State 2) New LLM release makes rapid and impressive improvements - "AI is moving too fast! This is dangerous and we need the government to limit the labs to slow them down!"
Repeat
If you have a high conviction belief that is countervailing to the mainstream, you suffer a great deal. Even the most average conversation with a “mainstream believer” can turn into a judgment fest. Sometimes people stop talking to you mid-conversation. Investors quietly remove you from their lead lists. Candidates watch your talks and go dark on you. People with no technical expertise lecture at you.
Yet, inevitably, a fraction of such people carry forward. They don’t shut up. And they are the spoon that stirs the pot of science.
It’s totally normal and inevitable that people start to take victory laps at even the smallest indication in such situations. It doesn’t mean they’re right. It is just not something worth criticizing.

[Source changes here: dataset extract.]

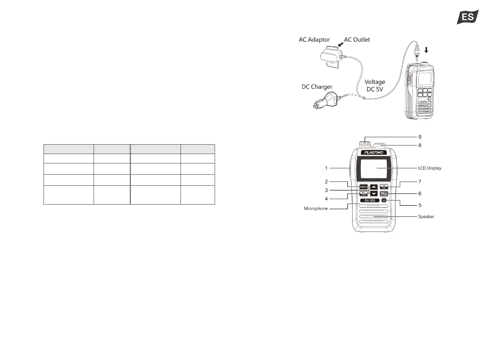 ·Para cargar la radio, utilice el adaptador de CA o el cargador de CC suministrado.
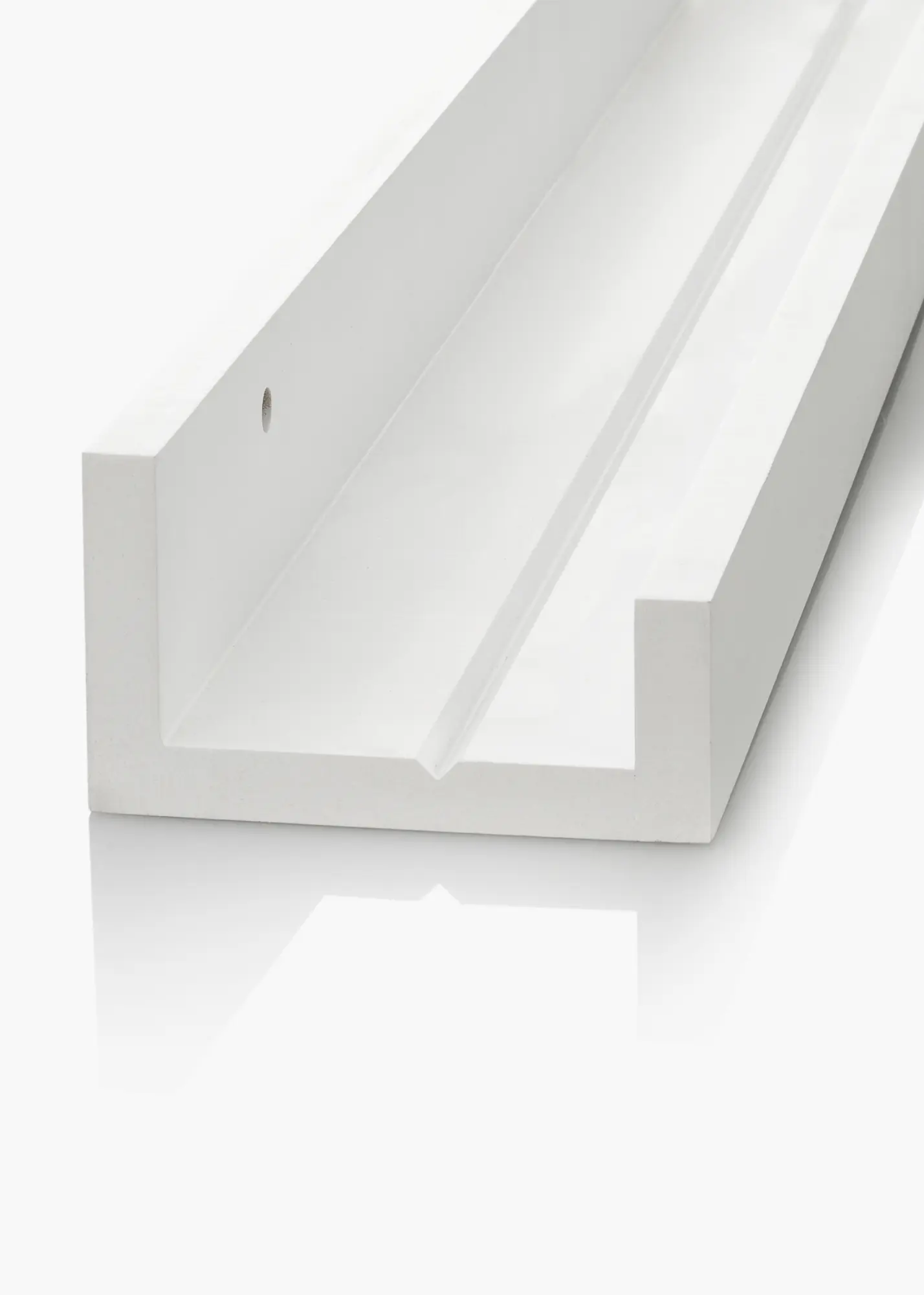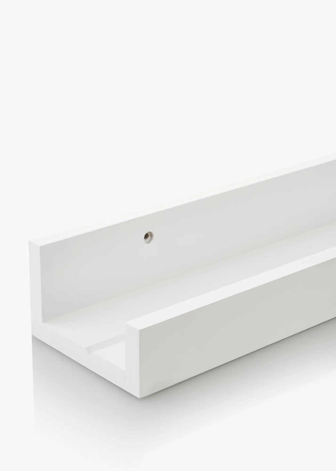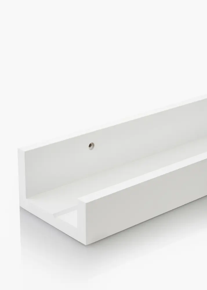 Naudodami praktišką paveikslų lentyną galite lengvai ir stilingai parodyti ir keisti savo paveikslus! Ši elegantiška paveikslų lentyna pagaminta iš MDF ir nudažyta balta spalva su gražia, pusiausiau blizgančia danga. Dizainas yra elegantiškas, su paprastomis, tiesiomis linijomis ir laiko neblėstančia minimalistine atmosfera. Lentynos viduryje eina išpjova, kuri suteikia paramą jūsų paveikslams ir leidžia jiems stovėti puikiame kampu palenkus prie sienos. Paveikslų lentyna taip pat turi išgręžtas skyles, o pakuotėje pridedami tinkami varžtai ir kaiščiai, kad būtų dar lengviau!

Marcus claims to have reread The Bitter Lesson. And I should say, I too have reread the text and I don't think Marcus is getting the actual original argument of here. All it say is that general purpose algorithms that scale will outperform special purpose algorithms that use information about the problem and don't scale. That's all. Everyone claiming more is hallucinating, things into this basic point. Notably general purpose algorithms aren't necessary neural nets and "X works better than Y" doesn't imply X is the best thing every.
So there's no contradiction between The Bitter Lesson and claims that LLMs have big hole and/or won't scale up to AGI.

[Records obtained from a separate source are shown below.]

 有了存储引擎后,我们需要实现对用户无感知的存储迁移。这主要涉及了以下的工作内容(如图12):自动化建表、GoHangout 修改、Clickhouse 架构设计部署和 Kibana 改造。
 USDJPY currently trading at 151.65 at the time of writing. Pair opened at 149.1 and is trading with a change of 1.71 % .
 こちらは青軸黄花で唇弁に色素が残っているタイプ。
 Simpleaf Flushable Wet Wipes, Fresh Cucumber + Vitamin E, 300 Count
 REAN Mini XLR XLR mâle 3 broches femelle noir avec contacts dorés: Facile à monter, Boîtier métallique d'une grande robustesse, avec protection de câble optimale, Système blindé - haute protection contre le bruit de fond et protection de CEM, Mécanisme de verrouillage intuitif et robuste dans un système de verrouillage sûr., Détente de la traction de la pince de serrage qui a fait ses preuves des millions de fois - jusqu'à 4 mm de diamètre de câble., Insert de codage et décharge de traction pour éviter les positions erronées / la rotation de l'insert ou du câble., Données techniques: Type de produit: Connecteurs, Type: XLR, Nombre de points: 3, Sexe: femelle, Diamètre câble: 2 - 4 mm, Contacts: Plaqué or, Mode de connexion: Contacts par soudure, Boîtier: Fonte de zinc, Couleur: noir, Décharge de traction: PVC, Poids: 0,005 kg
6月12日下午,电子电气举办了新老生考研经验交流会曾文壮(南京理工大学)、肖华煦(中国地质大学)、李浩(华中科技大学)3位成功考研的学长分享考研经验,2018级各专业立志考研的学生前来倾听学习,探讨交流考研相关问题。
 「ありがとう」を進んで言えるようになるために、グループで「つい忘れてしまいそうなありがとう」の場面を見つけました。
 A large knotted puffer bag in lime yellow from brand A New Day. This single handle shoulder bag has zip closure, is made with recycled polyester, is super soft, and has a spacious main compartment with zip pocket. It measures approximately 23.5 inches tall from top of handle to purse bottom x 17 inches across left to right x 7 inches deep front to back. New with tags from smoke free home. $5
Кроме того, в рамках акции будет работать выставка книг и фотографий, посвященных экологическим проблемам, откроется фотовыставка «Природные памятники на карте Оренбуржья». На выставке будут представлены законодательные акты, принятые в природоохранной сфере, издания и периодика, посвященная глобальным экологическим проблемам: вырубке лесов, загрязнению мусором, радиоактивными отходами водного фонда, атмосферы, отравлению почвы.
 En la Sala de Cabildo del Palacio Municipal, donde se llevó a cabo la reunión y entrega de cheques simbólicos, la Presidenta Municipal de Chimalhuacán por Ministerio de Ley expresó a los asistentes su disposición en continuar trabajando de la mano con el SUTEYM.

You could, in theory, represent that model as a linear stream of tokens, and provide it as context to an LLM directly. It would be an absurdly wasteful number of tokens, at minimum, and the attention-esque algorithm for how someone might "skim" that model given a structured query would be very different from how we skim over text, or image patches, or other things we represent in the token stream of typical multi-modal LLMs.
But could it instead be something that we provide as a tool to LLMs, and use an LLM as the reasoning system to generate structured commands that interact with it? I would wager that anyone who's read a book, drawn a map of the fantasy world within, and argued about that map's validity on the internet, would consider this a viable path.
At the end of the day, I think that the notion of a "pure LLM" is somewhat pedantic, because the very term LLM encapsulates our capability of "gluing" unstructured text to other arbitrary tools and models. Did we ever expect to tie our hands behind our back and make it so those arbitrary tools and models aren't allowed to maintain state? And if they can maintain state, then they can maintain the world model, and let the LLM apply the "bitter lesson" that compute always wins, on how to best interact with and update that state.